Population (mid-2016)
- • Total: 486

= Bayada, Ma'ale Iron =

Bayada (البياضة, בַּיָאדָה) or Khirbet al-Baiyada (خربة البياضه, ח'רבת אל-ביאדה) is an Arab village in Israel's Haifa District. The village is in the Wadi Ara area of the northern Triangle, 4 kilometers northeast of Umm al-Fahm. Since 1996, it has been under the jurisdiction of the Ma'ale Iron local council. In mid-2016 the population of Bayada was 486, all of whom are Muslims.

Bayada is the feminine form of the word white in Arabic. The village was so named because of the bright soil found in the area.

==Geography==
Bayada is one of the smallest villages in the region and is located on a hill overlooking Wadi Ara. The village is located between the Umm al-Fahm mountain ridge and the Menashe Heights.

==History==
=== Ottoman Empire and British Mandate ===
The village was originally a neighborhood of Musheirifa. The vast majority of the residents are members of the Jabbarin clan (Who also live in nearby Salim and Musheirifa). During the 19th and first half of the 20th century, Bayada was a small dependency of the Fahmawi Commonwealth established by Hebronite clans belonging to Umm al-Fahm. The Commonwealth consisted of a network of interspersed communities connected by ties of kinship, and socially, economically and politically affiliated with Umm al Fahm. The Commonwealth dominated vast sections of Bilad al-Ruha/Ramot Menashe, Wadi 'Ara and Marj Ibn 'Amir/Jezreel Valley during that time.

=== Israel ===
During the 1948 Arab–Israeli War the village and the surrounding area came under Iraqi control. In March 1949 Jordanian forces replaced the Iraqi forces in Wadi Ara. On 3 April 1949 Israel and Jordan signed an armistice agreement, in which Israel would receive the Wadi Ara area and on 20 May Israeli forces took control of the village.

Bayada is one of the villages of Wadi Ara that lacked municipal status after the establishment of Israel, under the administration of mukhtars (village headmen) who were appointed by the Interior Ministry until 1992 when the Interior Ministry established the Nahal Iron (i.e. Wadi Ara) Regional council .

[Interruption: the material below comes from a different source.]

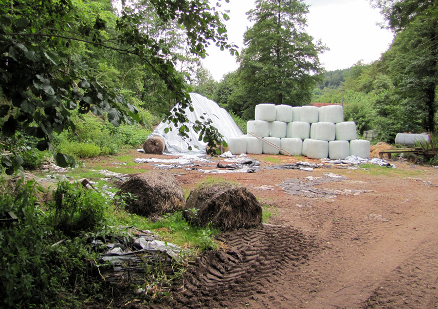 Zu dem Gehöft gehört ein weiter Platz, auf dem Heu in Form der inzwischen verbreiteten Plastikklumpen gelagert wird, zum Teil unter noch größeren Planen zeltartig gestapelt. Und allenthalben liegen gebrauchte Planen als Müll herum, auf dem Platz, am Waldrand, im Bachbett. Das sind für manche Tiere, Ameisen, aber eben auch die Blindschleichen, „willkommene“ Verstecke. Darunter ist es immer feucht, eine Seite der Planen ist weiß, die andere schwarz, so dass unterschiedlich warme Bereiche dicht nebeneinander liegen, einfach ideal!

The locals' objected to the administrative arrangement, and sought independent municipal status for each village. To allay local concerns, the Interior Ministry established an investigative committee to examine other options, and in 1996, decided to split the regional council into two local councils: Ma'ale Iron, which includes Bayada, and Basma. Most of the residents work in construction and other related jobs.

== Demographics ==

Development of the population
| Year | 1972 | 1983 | 1995 | 2008 | 2016 |
|---|---|---|---|---|---|
| Population | 127 | 185 | 276 | N/A* | 486 |

- In the 2008 census Bayada and Musheirifa were counted together and their population was 3,100

==Sports==
Bayada and nearby Musheirifa have a joint football team named "Bnei Musheirifa Bayada" (בני מושריפה ביאדה) which participates in Liga Gimel Jezreel. The team hosts games in a football field located in Barkai.